Like the classic Lanvins, there is not a strongly etched, focused smell profile to the perfume (as you'd start getting in the late-1970's and 80's); rather, it has that soft-edged, powdery, mutable quality of the first half of the 20thc, suggesting it will smell differently on different skins.
In drydown, there is the marriage of a "golden" smelling opoponax and a pronounced tonka bean, with its curious tobacco-like "burn" and deep quasi-vanillic, caramelized qualities (which is found amplified tenfold in Coty ÉMERAUDE). All swaddled in a chalky, diaphanous iris silk. Though opoponax is not mentioned in the above olfactive pyramid, it is a MAJOR player in this scent, let me assure you. Honey, musk, iris and faint jasmine color this sweet accord.

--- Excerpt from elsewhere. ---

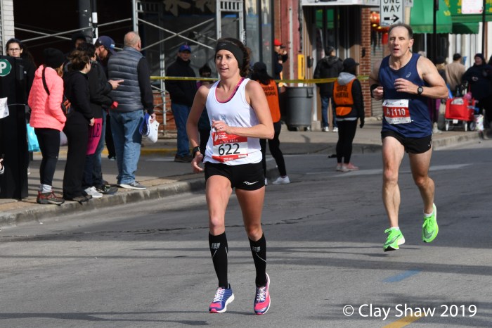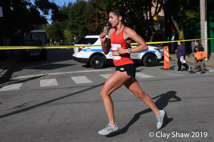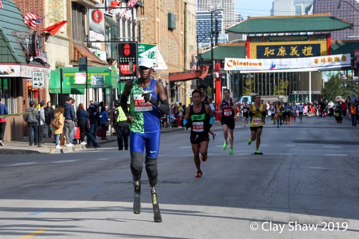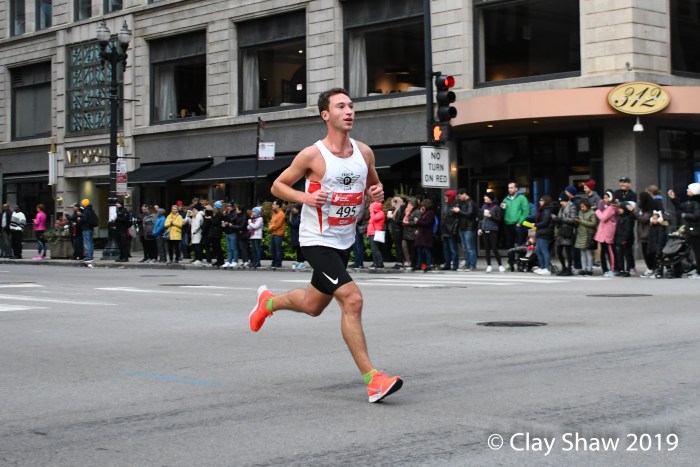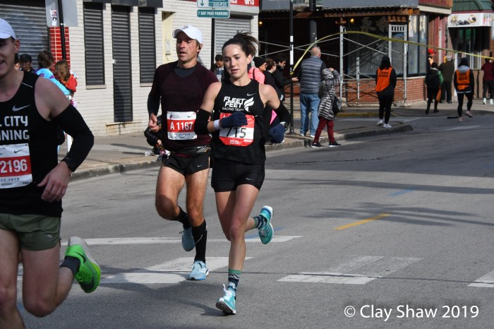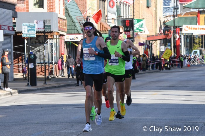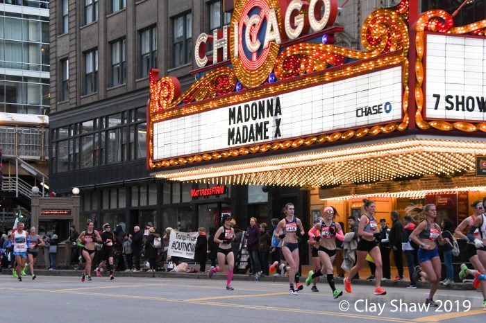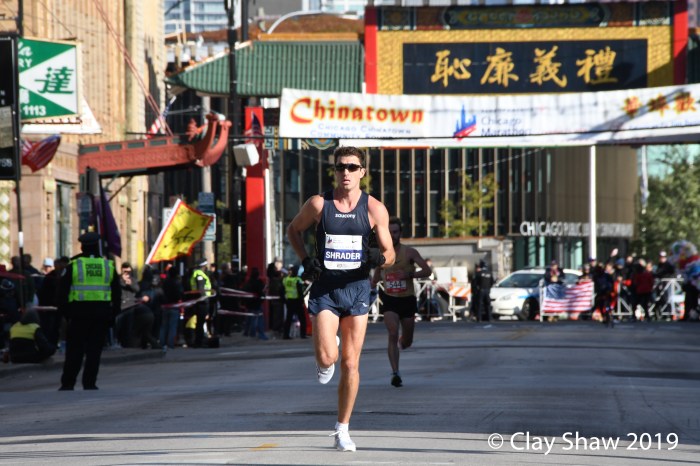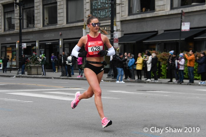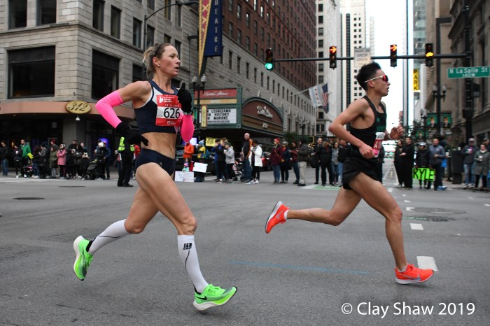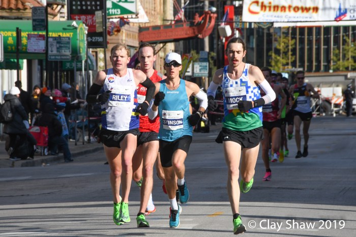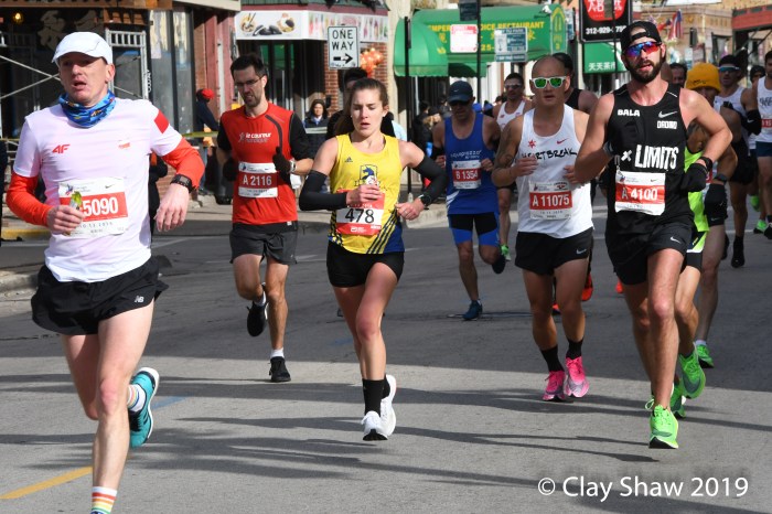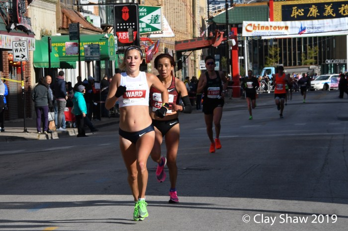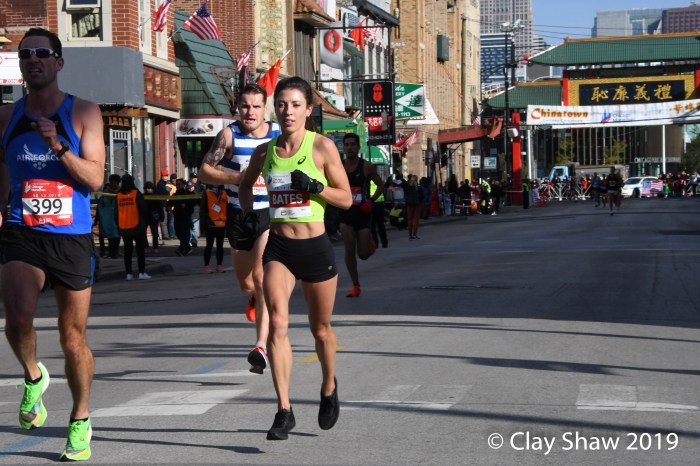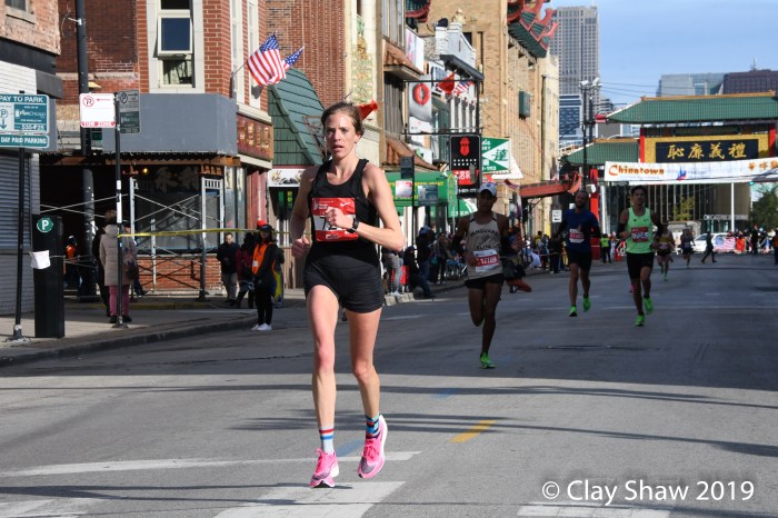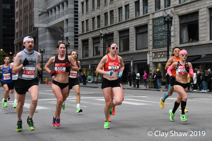 USA women hoping for an OQ, pass the Chicago Theater on State Street.Matthew Herzig of Philadelphia runs an OQ of 2:17:01 to place 36th.Top USA women’s pack with Emma Bates, Lindsay Flanagan, Stephanie Bruce. Steph’s husband Ben Bruce is the official pacer.Gina Rouse of Knoxville, Tennessee strides up LaSalle. Rouse would finish 23rd in 2:38:44.Kerri Ruffo of Hampton runs an OQ of 2:43:35 placing 49th.Joanna Thompson 666 of Blowing Rock, NC (44th, 2:43:01) and Caroline Bauer of Elkridge, Maryland (56th, 2:4407) run OQ times.Jacob Riley, Matt McDonald, Parker Stinson, and Jerrell Mock all USA sprint through Chinatown Chicago near Mile 22.Jacob Riley of Boulder lead USA men with a 2:10:36. Jerrell Mock of Fort Collins was 2nd USA in 2:10:37. Scott Smith of Flagstaff, AZ was 6th USA in 2:11:14 and Parker Stinson of Boulder was 3rd USA in 2:10:53.Noah Droddy of Boulder and Diego Estrada of Flagstaff, AZ both on their way to new personal bests. Droddy 17th in 2:11:42 and Estrada in 19th with a 2:11:54.Brian Schrader of Brighton, Massachusetts runs 2:13:27 to place 22nd in the deep Chicago Marathon field.World Record Form: Brigid Kosgei sets new women’s marathon record of 2:14:04 in Chicago.Emma Bates of Boise, Idaho (now Emma Ulmer) is first USA woman and 4th overall with a new PR of 2:25:27.Taylor Ward of Ogden, Utah on way to PR of 2:30:14, to finish 10th. Madai Perez of Mexico ran 2:31:44 for 11th.Sarah Sellers of Tucson, AZ on way to personal best of 2:31:49, to place 12th overall and 6th USA.Mia Behm of Brooklyn, NY finished 15th in 2:33:52 and 7th USA. She sure deserves a “name on bib” next race.Lindsey Anderson of Twins Falls, Idaho placed 17th in 2:35:28 and was 9th USA.Julia Roman-Duval of Columbia, Maryland finished in 19th with a new PR of 2:35:41.Marko Cheseto of Orlando, FL sets a new blade record of 2:37:23.Jane Bareikis of Crestwood, IL on way to a 2:37:32, good for 22nd place.Karen Dunn of Trappe, PA finished 55th and 3rd AG with an OQ of 2:43:59. Moira O’Connor Lenth of Seattle was just four seconds ahead in 54th.Julia Buford of San Francisco runs an OQ of 2:44:24.Carter Norbo of Charlottesville, VA runs 2:45:38 placing 60th in the women’s field.David Ho of Sweden and Cecil Reid of South Africa lead group through Chinatown. Ho ran 2:47:49 and Reid 2:46:05.Anna Li of San Francisco runs 2:48:25 in Chicago Marathon with SF Giants shirt.Jen Rock of Macomb, Mississippi finished in 2:48:30.Kate Gunson of Chicago (and BAA top) runs 2:52:18.Chinatown Chicago

ZIBELINE is a gorgeous, decidedly oldschool aldehydic/floral/woody, laced generously with animalics. As I say, it is, to my nose anyway, extremely similar to Lanvin PRÉTEXTE and not too far removed from ARPÈGE-- but sweeter and more white floral.
I confess, I am not picking up on the suggestive "naughty knickers" qualities that others have ascribed to ZIBELINE (read the Scented Salamander review online). In fact, I get more of that marine/ambergris note from Lanvin MY SIN than I do from this fragrance.
Even with a generous application, this Parfum de Toilette maintains a discreet powder-puff quality, with no glowering basenotes or room-filling sillage. I like it very much, and it has become a tous-les-jours go-to for me... it's perfect when you don't want to go full citrus eau-de-cologne, but you don't want to go sweet and dark Oriental either.

It starts out with a cherry almond note, which is spicy and sweet, then moves to a rich floral melange that manages to smell vintage without smelling old-fashioned. The warm, balsamic base notes carry the floral medley into the dry down.
A true classic in its complexity, balance and beauty. They don't make them like this anymore.